Step-wise calculation:
1. Put coordinates (convenient choice):
A = (0, 0), B = (2, 0)
So, P = (1, 0).
Let D = (u, v)
So, C = B + AD = (2 + u, v).
Parametrize BD:
B + s(D – B) = (2 + s(u – 2), sv).
Parametrize CP:
C + t(P – C) = (2 + u – t(1 + u), v(1 – t)).
Equate y-coordinates:
sv = v(1 – t)
⇒ s = 1 – t
Equate x-coordinates and substitute s = 1 – t.
Solve for t:
t(2 – u) = 2 – t(1 + u)
⇒ 3t = 2
⇒ `t = 2/3`
So, `s = 1/3`.
Thus, Q divides CP with CQ : QP
= t : (1 – t)
= `2/3 : 1/3`
= 2 : 1
So, PQ : QC = 1 : 2.
2. Areas on the same altitude:
ΔBPQ and ΔBPC share the same altitude from B to line PC.

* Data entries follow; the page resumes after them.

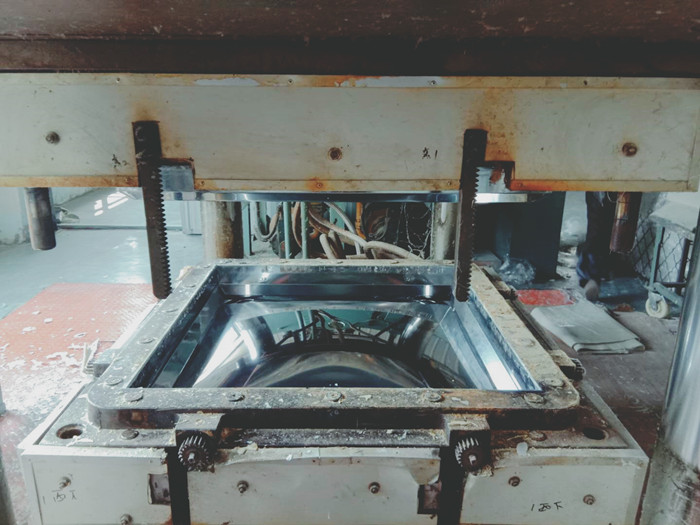 把稱重完成的片材放入模壓機內,經過一定的高溫模壓,才能形成水箱板。而水箱板表面的光滑程度主要取決于水箱板磨具,故此,一個好的水箱磨具也是至關重要的,而水箱板的厚度決定了模壓的時間,水箱板越厚模壓時間越長。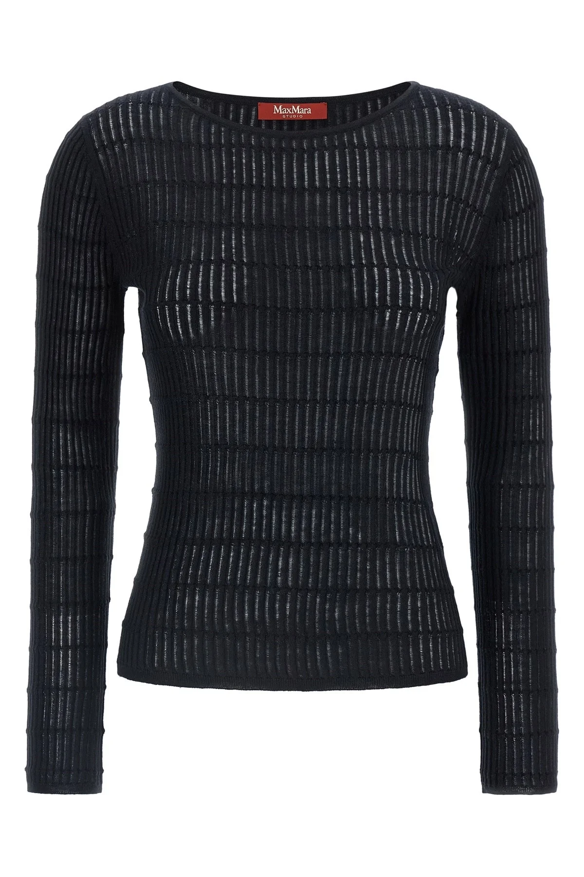 cod. 2616361061600008 'MstPedone' flat ribbed wool and silk yarn sweater with a jour details, boat neck, long sleeves. Color: Blue Size & Fit: Slim fit Composition: 55% silk, 45% wool Made in: China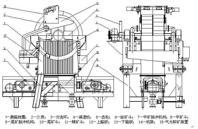 。本機(jī)廣泛應(yīng)用于選礦、洗煤、化工等部門,用于濕式選礦粒度為6-0毫米的強(qiáng)磁礦物,礦物分為磁性物和非磁性物。其選擇的強(qiáng)磁性物的比磁性系數(shù)x必須在3000×106cm3/克以上,這種礦物有磁性礦物、磁性黃鐵礦物等,必須選擇紅鐵礦物、褐鐵礦物、礦物等進(jìn)行磁性烘烤。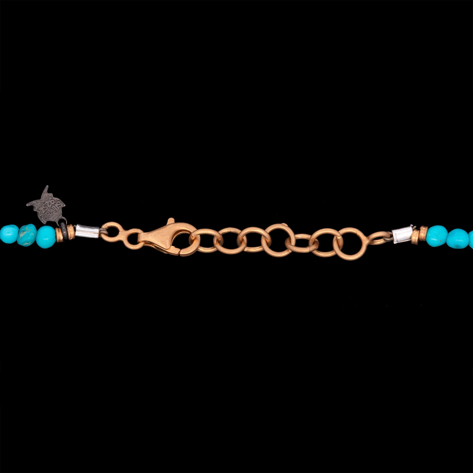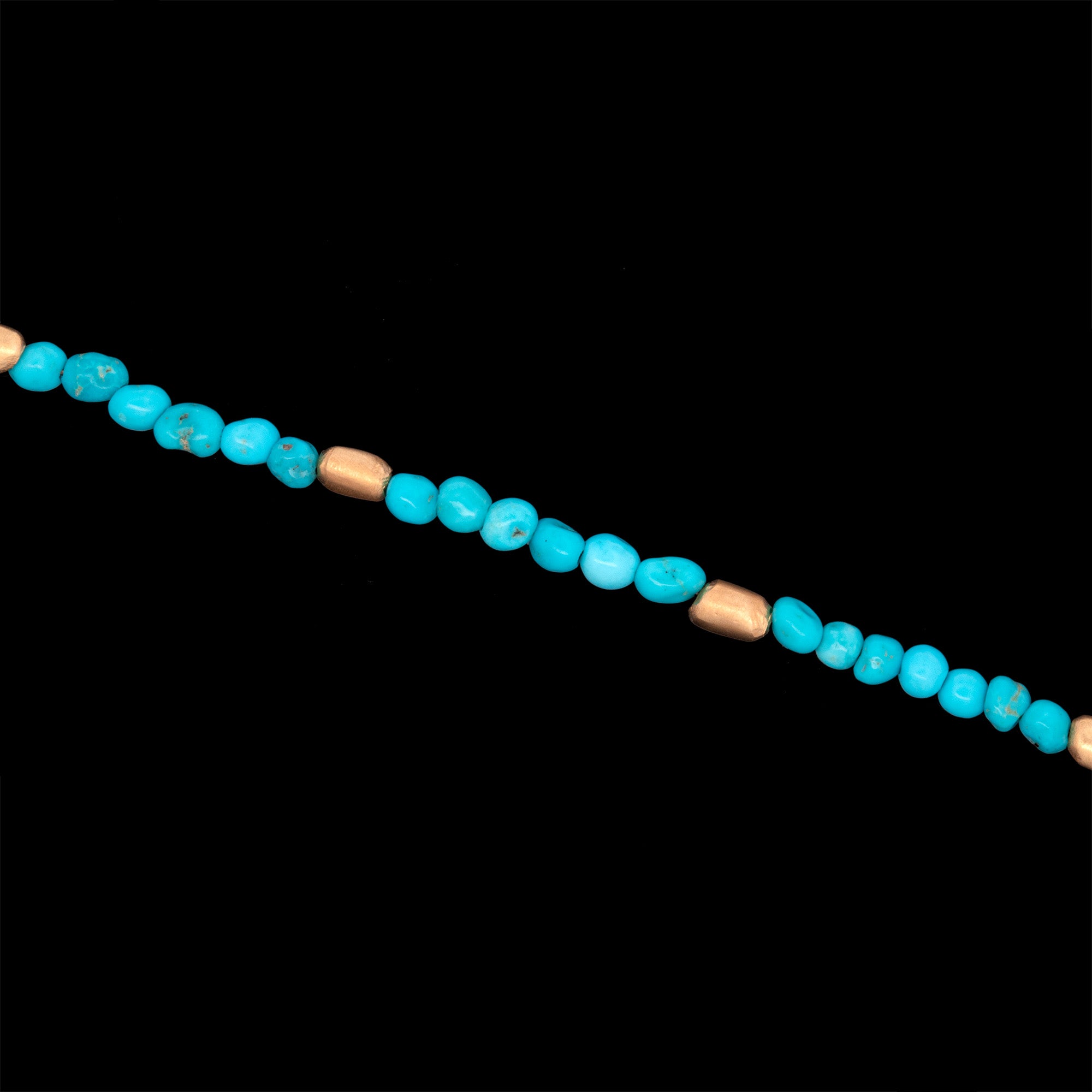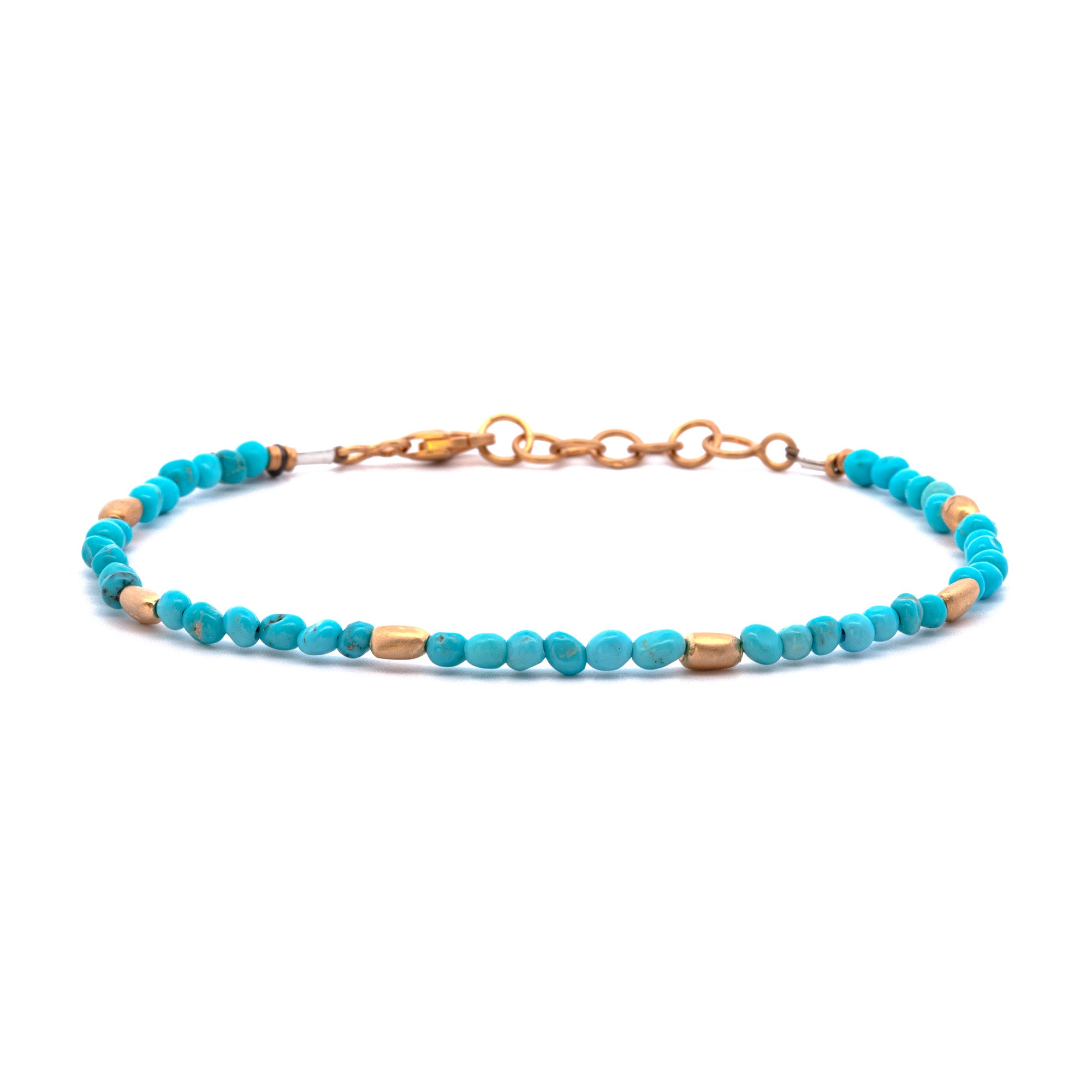 24K Yellow Gold And Sterling Silver Turquoise And Gold Bead Bracelet. Hand Made In Turkey.
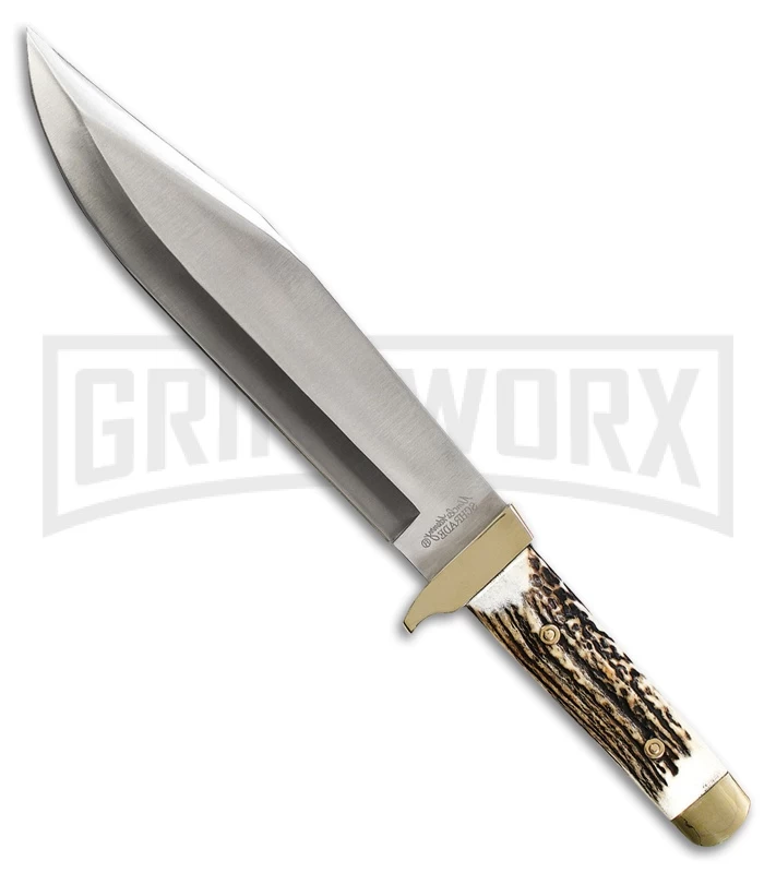 Schrade Uncle Henry Bowie Stag Fixed Blade Knife – Satin Plain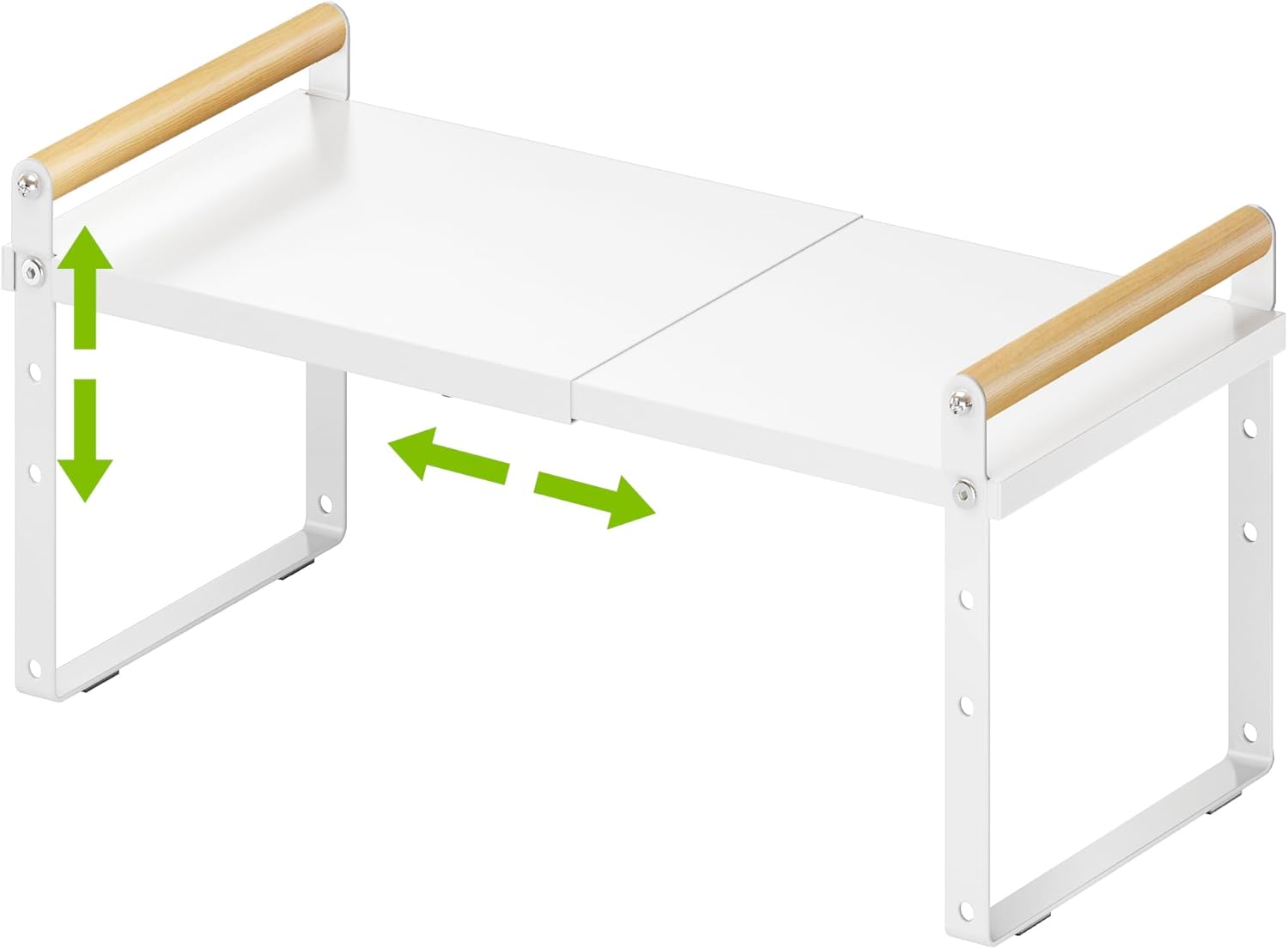- ăExpandable & Stackable Cabinet OrganizerăThe length and height of this shelf can be adjusted, The length of expandable shelf can be adjusted from 12.87 to 21.04 Inches according to the different space; The Height can be adjusted from 5.3 inches to 7.68 Inches depending on how you want to arrange your space.

So, `("Area"(ΔBPQ))/("Area"(ΔBPC))`
= `(PQ)/(PC)`
= `1/3`
Therefore, Area (ΔBPC)
= 3 × Area (ΔBPQ)
= 3 × 20
= 60 cm2
3. Relation to parallelogram area:
With P the midpoint of AB, vector argument or coordinate calc gives Area (ΔBPC) = `1/4` × Area (parallelogram ABCD).
Hence, Area (ABCD)
= 4 × Area (ΔBPC)
= 4 × 60
= 240 cm2